Of these two meanings of ousia, namely “species” and “genus,” the former expressing the whole essence of a class-name or concept, the latter part of the essence, the former tended to prevail in earlier, the latter in later Greek philosophy. In the one, the knowledge of the ousia was completely unfolded in the definition, so that a definition was itself defined as “a proposition which expresses the ousia:”[561] in the latter, it was only in part so unfolded, so that it is necessary for us to know not only the ousia of objects of thought, for example, whether they fall within or without the class “body,” but also the species (εἴδη).[562]
But in the one meaning as in the other, the members of the same class, or the sub-classes of the same wider class, were spoken of as homoousioi: for example, there was an argument that animals should not be killed for food, on the ground that they belong to the same class as men, their souls being homoousioi with our own:[563] so men are homoousioi with one another, and Abraham washed the feet of the three strangers who came to him, thinking them to be men “of like substance” with himself.[564]
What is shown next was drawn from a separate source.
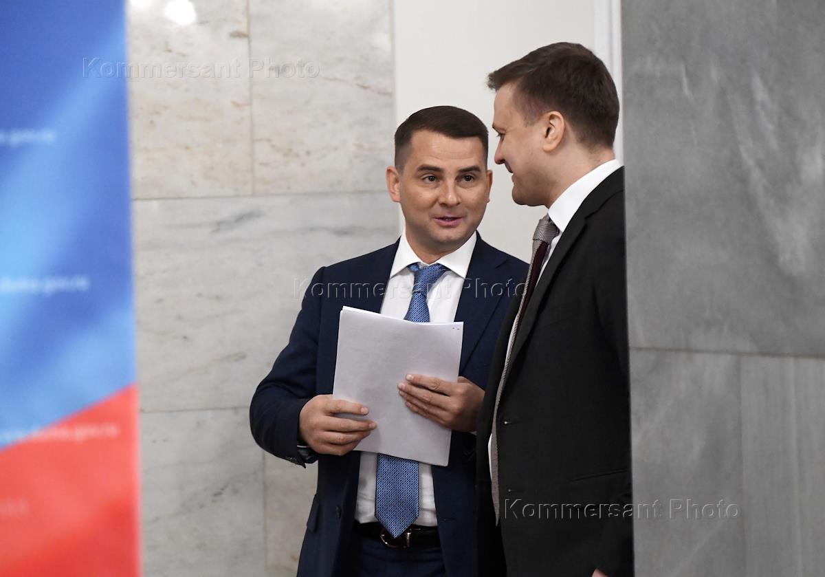 Plenary session of the State Duma of Russia. Chairman of the Russian State Duma Committee on Control Oleg Morozov (left) and Chairman of the Russian State Duma Committee on Economic Policy Maxim Topilin (right) before the meeting.

The difficulty of the whole conception in its application to God was felt and expressed. Some philosophers, as we have already seen, denied that such an application was possible. The tide of which Neo-Platonism was the most prominent wave placed God beyond ousia. Origen meets Celsus’s statement of that view by a recognition of the uncertainty which flowed from the uncertain meaning of the term.[565] The Christological controversies of the fourth century were complicated to no small extent from the existence of a neutral and conservative party, who met the dogmatists on both sides with the assertion that neither ousia nor hypostasis was predicable of God.[566] And, in spite of the acceptance of the Nicene formula, the great Christian mystic who most fully represents Neo-Platonism within the Christian Church, ventured more than a century later on to recur to the position that God has no ousia, but is hyperousios.[567] Even those who maintained the applicability of the term to God, denied the possibility of defining it when so applied to Him. In this they followed Philo: “Those who do not know the ousia of their own soul, how shall they give an accurate account of the soul of the universe?”[568] But in spite of these difficulties, the conservative feeling against the introduction of metaphysical terms into theology, and the philosophical doctrine of absolute transcendence, were overborne by the practical necessity of declaring that He is, and by the corollary that since He is, there must be an ousia of Him.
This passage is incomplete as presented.